Wildcard matching [Greedy]

Time: O(MN); Space: O(1); hard*

Given an input string (s) and a pattern (p), implement wildcard pattern matching with support for ‘?’ and ’*’.

• ‘?’ Matches any single character.

• ’*’ Matches any sequence of characters (including the empty sequence).

• The matching should cover the entire input string (not partial).

Notes:

• s could be empty and contains only lowercase letters a-z.

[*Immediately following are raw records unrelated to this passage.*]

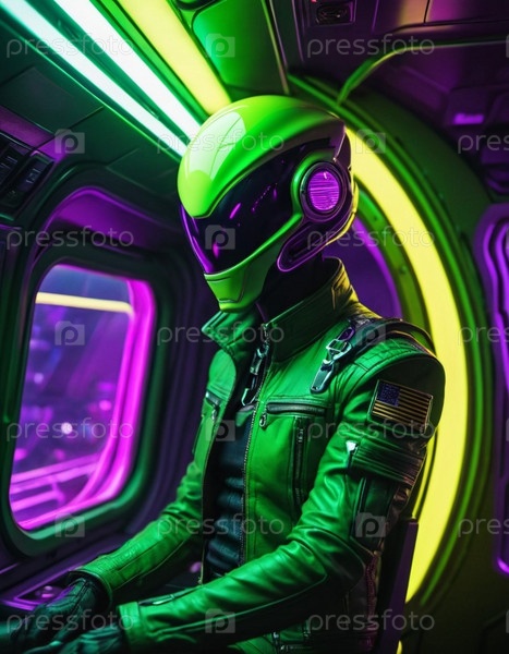 Встреча с инопланетянами в пустоте на борту футуристического космического корабля во время межзвездного путешествия через глубокий космос, раскрывающая таинственное существо. Генеративный ИИ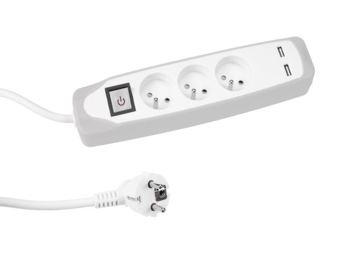 3-VOUDIGE STEKKERDOOS MET SCHAKELAAR - 2 USB-POORTEN - GRIJS/W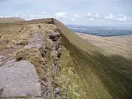 Fan Hir is a peak at the eastern end of the Black Mountain (Y Mynydd Du) in the Brecon Beacons National Park (Parc Cenedlaethol Bannau Brycheiniog) in southern Wales. It is a subsidiary summit of Fan Brycheiniog. It falls within the county of Powys and is also a part of the traditional area of Fforest Fawr. Its Welsh name means "long peak", a fitting description, particularly if seen from the east when its steep eastern face is seen to advantage. It is about 2.5 miles or 4 km long and faces east. Its summit is 2490 feet (about 760m) above sea level. Fan Hir is separated from its higher neighbour to the north-west, Fan Brycheiniog (2633 feet or 802 metres) by a col known as Bwlch Giedd, where a path rises from Llyn y Fan Fawr via a stone staircase.[1]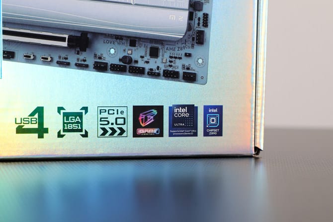 包装上同样使用了炫彩白色的包装,非常硕大的一个主板箱,在不同光线的照射下,会折射出缤纷色彩,颜值非常高,正面是主板的实物渲染图,底部是支持的技术,支持usb 4接口,采用lga1851基座,pcie 5.0技术以及全新的z890芯片组,支持全系列的英特尔酷睿ultra 200s系列处理器。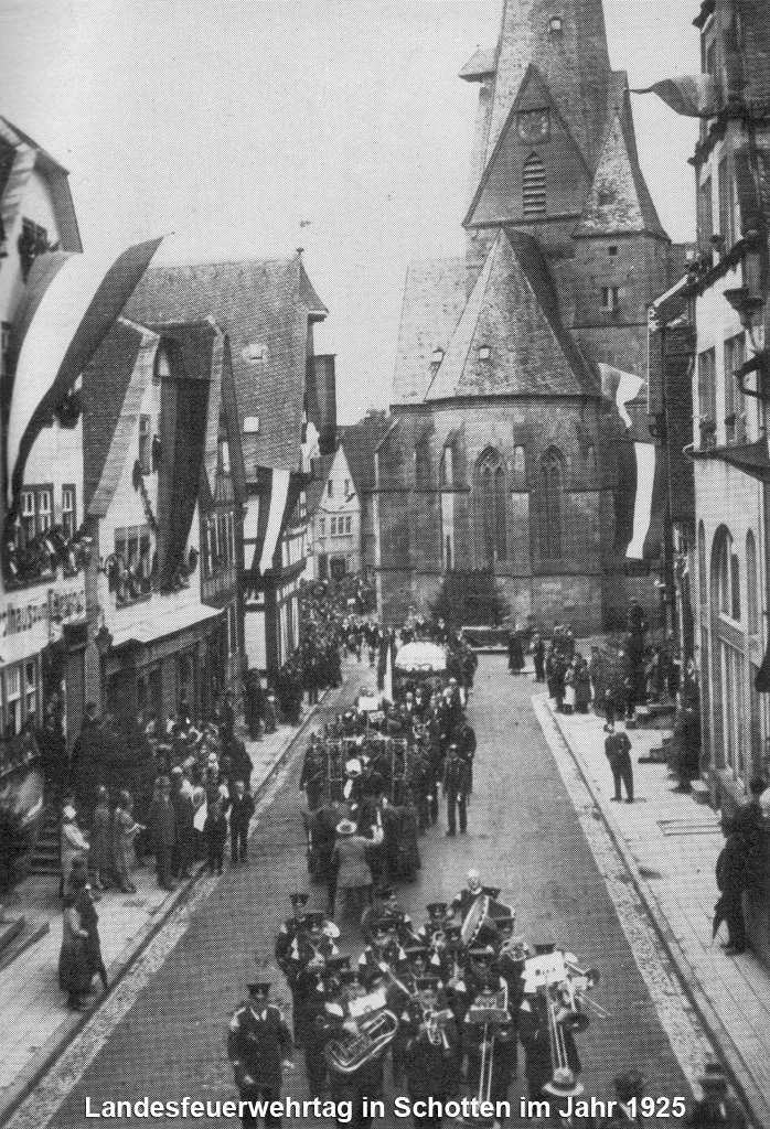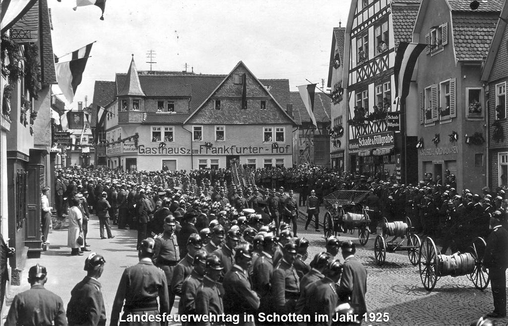 Zwei für Schotten außergewöhnliche Ereignisse waren der Provinzialfeuerwehrtag 1925, der zahlreiche Wehren aus Oberhessen nach Schotten lockte und in dessen Mittelpunkt eine von vielen Zuschauern begleitete Übung in der Schottener Innenstadt stattfand und der 1933 unter der Anwesenheit des Großherzogs Ernst Ludwig von Hessen abgehaltene Landesfeuerwehrtag.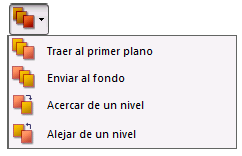 uno de los comandos Enviar al fondo, Traer al frente, Traer adelante y Enviar atrás en el menú Objeto,

• p could be empty and contains only lowercase letters a-z, and characters like ? or *.

Example 1:

Input: s = “aa”, p = “a”

Output: False

Explanation:

• “a” does not match the entire string “aa”.

Example 2:

Input: s = “aa”, p = “*”

Output: True

Explanation:

• ’*’ matches any sequence.

Example 3:

Input: s = “cb”, p = “?a”

Output: False

Explanation:

• ‘?’ matches ‘c’, but the second letter is ‘a’, which does not match ‘b’.

Example 4:

Input: s = “adceb”, p = “*a*b”

Output: True

Explanation:

• The first ‘*’ matches the empty sequence, while the second ’*’ matches the substring “dce”.

Example 5:

Input: s = “acdcb”, p = “a*c?b”

Output: False

1. Iterative solution with Greedy

class Solution1(object):
    """
    Time: O(M+N)~O(M*N)
    Space: O(1)
    """
    def isMatch(self, s, p):
        """
        :type s: str
        :type p: str
        :rtype: bool
        """
        count = 0  # used for complexity check
        p_ptr, s_ptr, last_s_ptr, last_p_ptr = 0, 0, -1, -1
        while s_ptr < len(s):
            if p_ptr < len(p) and (s[s_ptr] == p[p_ptr] or p[p_ptr] == '?'):
                s_ptr += 1
                p_ptr += 1
            elif p_ptr < len(p) and p[p_ptr] == '*':
                p_ptr += 1
                last_s_ptr = s_ptr
                last_p_ptr = p_ptr
            elif last_p_ptr != -1:
                last_s_ptr += 1
                s_ptr = last_s_ptr
                p_ptr = last_p_ptr
            else:
                assert(count <= (len(p)+1) * (len(s)+1))
                return False
            count += 1  # used for complexity check

        while p_ptr < len(p) and p[p_ptr] == '*':
            p_ptr += 1
            count += 1  # used for complexity check

        assert(count <= (len(p)+1) * (len(s)+1))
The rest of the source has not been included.